Together, these properties prevent incentives from the medium to interfere with the protocol, and guarantee to endpoints some level of extensibility. So indeed, the QUIC design has some level of Privacy. But careful, this does not mean that the protocol is Privacy-preserving from the user’s perspective. This is a different context! Nonetheless, from the protocol standpoint, being able to resist arbitrary interferences is a basic requirement to eventually support building Privacy-preserving systems for users. This is a breakthrough for a general-purpose transport protocol, and definitely one of the great aspects of QUIC. This is one of the reasons we use QUIC to demonstrate our research, and the reason why we can spin-up clients and servers on the Internet, and experiment with our new QUIC Version and protocol format without any issue.

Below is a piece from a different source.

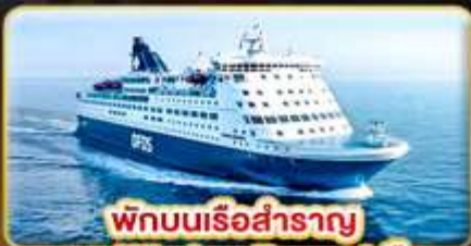
พักผ่อนเรือสำราญ แบบ Window Room 1 คืน

The notion of Privacy is fundamental for an healthy and functioning society, as we may read in the Universal Declaration of Human Rights (art. 13). Is that surprising to find it equally fundamental for a functioning society made of machines (from a protocol standpoint)? The only difference, in my opinion, is that machines don’t have a right to Privacy. For now.. Until a real breakthrough happens in Machine Learning research, but let’s keep nightmares for the night.
Bonus2: this blogpost is accessible with VReverso!
The TCP/IP webserver is configured to send a HTTP alt-svc header indicating that this page may be fetched on port 4433 using HTTP/3. If you refresh on a modern browser, it should negotiate a QUIC connection and use HTTP/3 on QUIC v1.
If you want to try out HTTP/3 with VReverso, you may clone and compile quiceh:
git clone --recursive https://github.com/frochet/quiceh.git
cd quiceh
cargo build --release
./target/release/quiceh-client --wire-version 00791097 -- https://reverso.info.unamur.be:4433
The current wire code for this QUIC protocol is 0x00791097. This command will negotiate a QUIC connection using VReverso, then send a GET request and evetually write the GET response to stdout.